Based on past performance, current operational capabilities, and considering the SLOs of its dependencies (assuming they meet their targets), the realistic targets are:

• Availability: 99.9% of all requests receiving a successful redirect response (HTTP 3xx).

  Rationale: Past performance indicates the service generally operates at this level, and our incident response time estimates suggest we can recover from typical outages within the allowed error budget for this target.
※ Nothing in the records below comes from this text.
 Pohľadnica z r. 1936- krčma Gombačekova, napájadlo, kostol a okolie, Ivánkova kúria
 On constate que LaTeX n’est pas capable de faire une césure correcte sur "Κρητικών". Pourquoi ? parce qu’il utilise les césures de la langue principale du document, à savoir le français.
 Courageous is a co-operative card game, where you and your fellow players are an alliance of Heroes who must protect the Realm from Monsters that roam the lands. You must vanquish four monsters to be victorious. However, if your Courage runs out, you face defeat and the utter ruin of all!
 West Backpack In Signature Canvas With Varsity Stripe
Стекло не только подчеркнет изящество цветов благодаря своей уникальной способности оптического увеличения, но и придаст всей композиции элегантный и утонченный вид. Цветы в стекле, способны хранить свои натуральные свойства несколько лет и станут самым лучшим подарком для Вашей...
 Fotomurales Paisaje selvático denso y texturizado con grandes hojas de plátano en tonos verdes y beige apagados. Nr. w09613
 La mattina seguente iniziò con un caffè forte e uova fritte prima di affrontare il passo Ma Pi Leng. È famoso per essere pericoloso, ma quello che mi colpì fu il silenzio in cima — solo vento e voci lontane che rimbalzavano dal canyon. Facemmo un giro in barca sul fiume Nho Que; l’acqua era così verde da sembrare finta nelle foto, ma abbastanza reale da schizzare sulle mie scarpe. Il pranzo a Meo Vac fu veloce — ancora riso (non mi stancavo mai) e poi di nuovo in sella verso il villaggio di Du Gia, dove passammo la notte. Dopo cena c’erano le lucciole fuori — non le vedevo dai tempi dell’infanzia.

• Latency: 99% of all requests complete within 200 milliseconds.

  Rationale: This target aligns with observed performance, considering the time spent on internal processing and backend dependency calls.

Based on client needs (both internal services and external users), the ideal targets for this service are:

• Availability: 99.99% of all requests receiving a successful redirect response (HTTP 3xx).

  Rationale: While 99.9% is acceptable, a higher availability target would reduce user-visible errors more effectively, minimizing lost traffic from non-canonical domains.

• Latency: 99.9% of all requests complete within 100 milliseconds.

  Rationale: Faster redirects significantly improve user experience and SEO performance, especially for a foundational service like this. This would be considered "basically satisfactory" by external users.

Comparing the realistic and ideal targets, there is a gap in both availability and latency. While we can currently support 99.9% availability and 99% of requests within 200ms, the ideal is 99.99% availability and 99.9% of requests within 100ms.

To close this gap, we will prioritize engineering work focused on improving reliability and performance. This may include:

• Optimizing code paths for latency-sensitive requests.
• Implementing additional caching layers for canonical domain mappings.
• Improving redundancy for critical hard dependencies.
• Refining monitoring and alerting to reduce detection and resolution times.

Agreed-upon SLOs:

• Availability: 99.9% of all requests receiving a successful redirect response (HTTP 3xx).
• Latency: 99% of all requests complete within 200 milliseconds.

This SLO reflects the promises we can keep right now. We will publish these currently-realistic targets and continuously measure performance against them. We acknowledge the aspirational targets of 99.99% availability and 99.9% of requests within 100 milliseconds, which will guide our longer-term planning and reliability improvement efforts.